Stop at the line containing "Short sleeves shirt": write out every line from the beginning of the entries up to and including it, minus the pictures.

Source records:
§ §

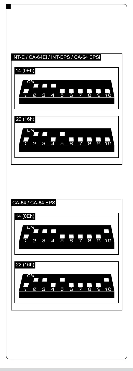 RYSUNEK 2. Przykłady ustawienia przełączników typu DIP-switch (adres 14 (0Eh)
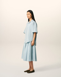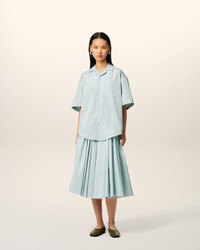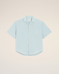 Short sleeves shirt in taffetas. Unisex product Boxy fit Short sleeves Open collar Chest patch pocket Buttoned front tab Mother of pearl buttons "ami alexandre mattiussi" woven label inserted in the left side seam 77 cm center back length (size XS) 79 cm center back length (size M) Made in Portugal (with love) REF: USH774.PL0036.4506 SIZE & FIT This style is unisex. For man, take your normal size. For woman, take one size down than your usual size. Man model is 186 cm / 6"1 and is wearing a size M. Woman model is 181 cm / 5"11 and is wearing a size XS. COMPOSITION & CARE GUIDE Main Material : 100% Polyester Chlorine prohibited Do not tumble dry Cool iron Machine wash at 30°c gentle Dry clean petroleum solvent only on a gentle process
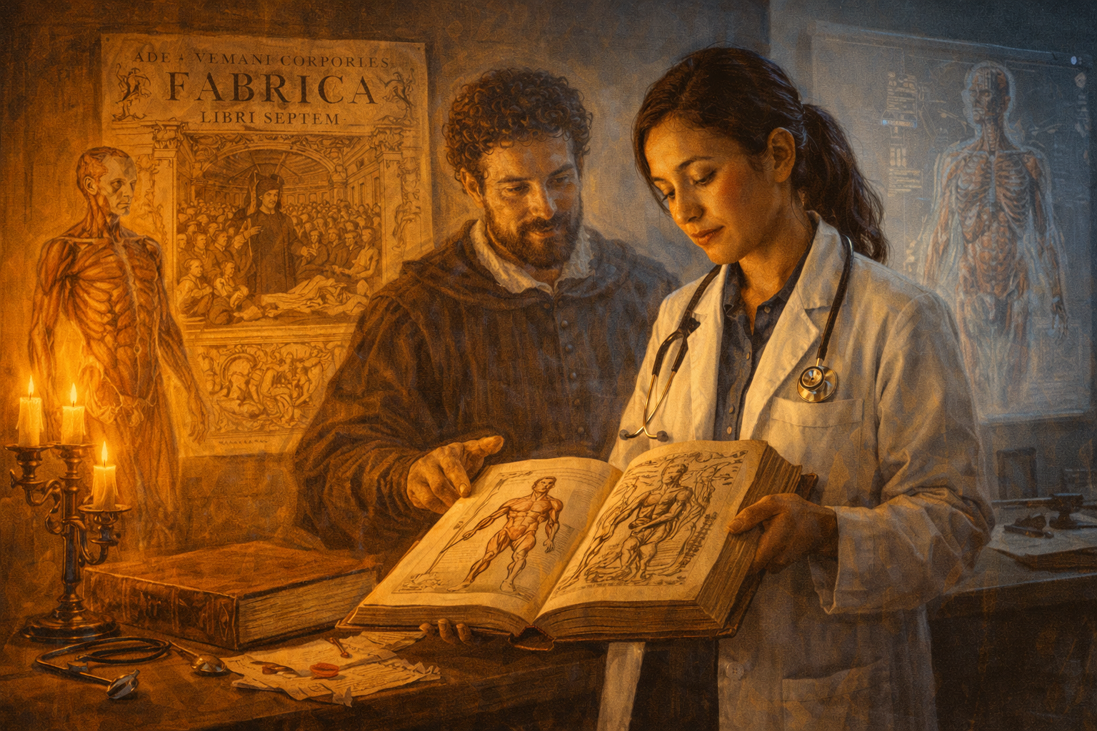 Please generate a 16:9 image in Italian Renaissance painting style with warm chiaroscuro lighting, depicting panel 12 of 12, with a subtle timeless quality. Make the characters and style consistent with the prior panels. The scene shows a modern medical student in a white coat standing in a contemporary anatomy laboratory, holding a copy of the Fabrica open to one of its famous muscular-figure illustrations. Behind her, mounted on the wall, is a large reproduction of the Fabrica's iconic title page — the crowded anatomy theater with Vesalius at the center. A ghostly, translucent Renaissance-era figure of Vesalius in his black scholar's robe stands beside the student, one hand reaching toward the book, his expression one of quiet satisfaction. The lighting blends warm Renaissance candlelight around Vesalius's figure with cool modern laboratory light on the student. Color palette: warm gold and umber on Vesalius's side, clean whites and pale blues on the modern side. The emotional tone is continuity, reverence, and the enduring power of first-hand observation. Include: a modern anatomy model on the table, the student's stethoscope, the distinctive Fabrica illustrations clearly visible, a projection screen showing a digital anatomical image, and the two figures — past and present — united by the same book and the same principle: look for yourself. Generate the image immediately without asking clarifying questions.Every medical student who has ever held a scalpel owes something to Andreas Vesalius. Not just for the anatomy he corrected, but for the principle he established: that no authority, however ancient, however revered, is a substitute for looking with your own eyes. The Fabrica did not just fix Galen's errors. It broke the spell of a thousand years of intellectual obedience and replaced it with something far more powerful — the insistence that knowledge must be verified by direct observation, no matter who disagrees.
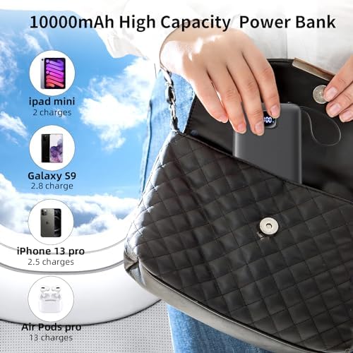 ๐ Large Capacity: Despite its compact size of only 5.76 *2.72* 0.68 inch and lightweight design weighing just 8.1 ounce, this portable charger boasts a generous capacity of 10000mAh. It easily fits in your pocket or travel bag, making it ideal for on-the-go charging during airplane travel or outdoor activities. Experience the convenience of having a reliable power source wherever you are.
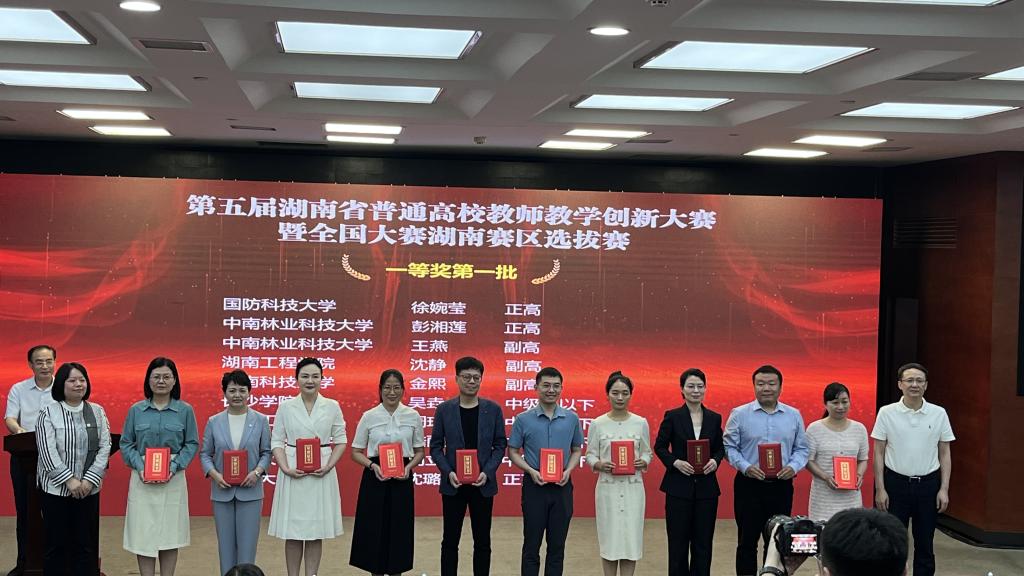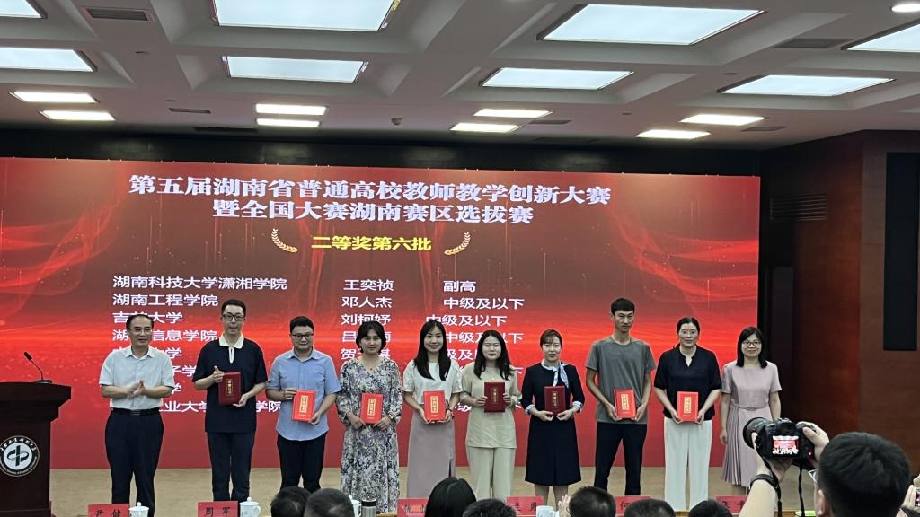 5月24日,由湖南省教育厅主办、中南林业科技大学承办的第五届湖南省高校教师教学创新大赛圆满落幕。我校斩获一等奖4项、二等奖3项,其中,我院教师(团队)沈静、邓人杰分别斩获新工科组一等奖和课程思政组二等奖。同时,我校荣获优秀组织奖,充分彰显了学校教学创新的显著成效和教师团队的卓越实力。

§ §

Solution to the exercise:
 RYSUNEK 2. Przykłady ustawienia przełączników typu DIP-switch (adres 14 (0Eh)
 Short sleeves shirt in taffetas. Unisex product Boxy fit Short sleeves Open collar Chest patch pocket Buttoned front tab Mother of pearl buttons "ami alexandre mattiussi" woven label inserted in the left side seam 77 cm center back length (size XS) 79 cm center back length (size M) Made in Portugal (with love) REF: USH774.PL0036.4506 SIZE & FIT This style is unisex. For man, take your normal size. For woman, take one size down than your usual size. Man model is 186 cm / 6"1 and is wearing a size M. Woman model is 181 cm / 5"11 and is wearing a size XS. COMPOSITION & CARE GUIDE Main Material : 100% Polyester Chlorine prohibited Do not tumble dry Cool iron Machine wash at 30°c gentle Dry clean petroleum solvent only on a gentle process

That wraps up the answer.